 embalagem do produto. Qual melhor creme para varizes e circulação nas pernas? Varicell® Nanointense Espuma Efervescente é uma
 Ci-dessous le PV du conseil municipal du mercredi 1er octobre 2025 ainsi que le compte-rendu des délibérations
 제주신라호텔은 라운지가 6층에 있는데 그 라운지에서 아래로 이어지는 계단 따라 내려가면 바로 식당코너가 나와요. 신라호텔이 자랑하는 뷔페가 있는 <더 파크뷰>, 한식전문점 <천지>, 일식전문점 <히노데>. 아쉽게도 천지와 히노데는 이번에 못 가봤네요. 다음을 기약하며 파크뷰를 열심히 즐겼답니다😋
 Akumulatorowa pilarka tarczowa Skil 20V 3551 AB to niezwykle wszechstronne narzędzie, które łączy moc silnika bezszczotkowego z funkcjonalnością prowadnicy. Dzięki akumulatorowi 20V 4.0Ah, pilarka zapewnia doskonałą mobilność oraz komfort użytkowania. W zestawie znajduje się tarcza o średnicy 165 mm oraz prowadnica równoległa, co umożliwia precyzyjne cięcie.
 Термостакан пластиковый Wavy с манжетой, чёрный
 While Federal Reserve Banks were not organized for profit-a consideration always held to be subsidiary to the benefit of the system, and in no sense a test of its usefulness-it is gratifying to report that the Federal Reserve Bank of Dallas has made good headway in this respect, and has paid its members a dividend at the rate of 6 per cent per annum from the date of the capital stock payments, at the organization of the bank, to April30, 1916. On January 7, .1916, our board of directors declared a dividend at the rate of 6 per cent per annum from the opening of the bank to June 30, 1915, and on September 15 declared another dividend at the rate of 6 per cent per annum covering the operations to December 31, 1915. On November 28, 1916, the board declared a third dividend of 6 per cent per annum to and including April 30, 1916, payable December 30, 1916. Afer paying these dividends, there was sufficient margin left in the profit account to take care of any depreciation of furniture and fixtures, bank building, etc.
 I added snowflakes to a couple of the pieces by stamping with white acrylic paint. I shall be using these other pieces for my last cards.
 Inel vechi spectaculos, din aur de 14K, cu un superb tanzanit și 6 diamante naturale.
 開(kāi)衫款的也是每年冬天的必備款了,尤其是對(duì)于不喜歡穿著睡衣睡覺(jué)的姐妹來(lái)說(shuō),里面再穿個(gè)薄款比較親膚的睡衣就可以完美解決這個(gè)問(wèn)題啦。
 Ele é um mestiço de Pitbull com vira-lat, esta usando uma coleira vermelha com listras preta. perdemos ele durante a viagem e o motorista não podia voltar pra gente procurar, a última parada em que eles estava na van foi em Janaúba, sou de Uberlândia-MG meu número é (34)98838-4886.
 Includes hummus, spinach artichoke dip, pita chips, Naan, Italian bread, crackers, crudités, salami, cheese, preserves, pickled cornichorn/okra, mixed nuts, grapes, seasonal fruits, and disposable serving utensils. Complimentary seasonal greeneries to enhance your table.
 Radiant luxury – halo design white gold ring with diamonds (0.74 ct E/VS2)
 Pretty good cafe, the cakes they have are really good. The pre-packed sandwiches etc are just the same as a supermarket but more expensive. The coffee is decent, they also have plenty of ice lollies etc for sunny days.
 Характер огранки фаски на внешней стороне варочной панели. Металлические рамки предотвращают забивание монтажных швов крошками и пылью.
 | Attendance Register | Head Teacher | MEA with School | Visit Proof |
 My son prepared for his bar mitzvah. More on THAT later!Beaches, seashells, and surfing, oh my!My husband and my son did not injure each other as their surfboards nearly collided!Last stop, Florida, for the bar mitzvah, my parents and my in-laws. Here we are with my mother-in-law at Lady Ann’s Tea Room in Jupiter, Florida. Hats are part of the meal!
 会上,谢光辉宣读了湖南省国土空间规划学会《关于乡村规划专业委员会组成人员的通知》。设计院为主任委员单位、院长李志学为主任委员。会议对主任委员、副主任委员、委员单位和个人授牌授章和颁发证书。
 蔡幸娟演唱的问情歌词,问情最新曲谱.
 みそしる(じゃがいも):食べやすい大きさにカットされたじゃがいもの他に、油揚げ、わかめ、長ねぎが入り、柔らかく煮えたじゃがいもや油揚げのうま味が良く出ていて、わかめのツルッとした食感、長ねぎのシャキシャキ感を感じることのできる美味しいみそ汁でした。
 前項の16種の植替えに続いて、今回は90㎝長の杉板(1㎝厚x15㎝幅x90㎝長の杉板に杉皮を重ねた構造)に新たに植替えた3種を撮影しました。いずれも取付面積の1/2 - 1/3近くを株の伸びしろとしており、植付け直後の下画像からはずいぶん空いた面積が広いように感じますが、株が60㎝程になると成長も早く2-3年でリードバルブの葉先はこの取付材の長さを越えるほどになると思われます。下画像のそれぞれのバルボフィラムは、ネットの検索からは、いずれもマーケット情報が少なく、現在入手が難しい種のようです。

ACTION ITEM: Would you please copy the lines above, from the one holding "My son prepared" through the last, and nothing else?

YOUR SOLUTION:
 My son prepared for his bar mitzvah. More on THAT later!Beaches, seashells, and surfing, oh my!My husband and my son did not injure each other as their surfboards nearly collided!Last stop, Florida, for the bar mitzvah, my parents and my in-laws. Here we are with my mother-in-law at Lady Ann’s Tea Room in Jupiter, Florida. Hats are part of the meal!
 会上,谢光辉宣读了湖南省国土空间规划学会《关于乡村规划专业委员会组成人员的通知》。设计院为主任委员单位、院长李志学为主任委员。会议对主任委员、副主任委员、委员单位和个人授牌授章和颁发证书。
 蔡幸娟演唱的问情歌词,问情最新曲谱.
 みそしる(じゃがいも):食べやすい大きさにカットされたじゃがいもの他に、油揚げ、わかめ、長ねぎが入り、柔らかく煮えたじゃがいもや油揚げのうま味が良く出ていて、わかめのツルッとした食感、長ねぎのシャキシャキ感を感じることのできる美味しいみそ汁でした。
 前項の16種の植替えに続いて、今回は90㎝長の杉板(1㎝厚x15㎝幅x90㎝長の杉板に杉皮を重ねた構造)に新たに植替えた3種を撮影しました。いずれも取付面積の1/2 - 1/3近くを株の伸びしろとしており、植付け直後の下画像からはずいぶん空いた面積が広いように感じますが、株が60㎝程になると成長も早く2-3年でリードバルブの葉先はこの取付材の長さを越えるほどになると思われます。下画像のそれぞれのバルボフィラムは、ネットの検索からは、いずれもマーケット情報が少なく、現在入手が難しい種のようです。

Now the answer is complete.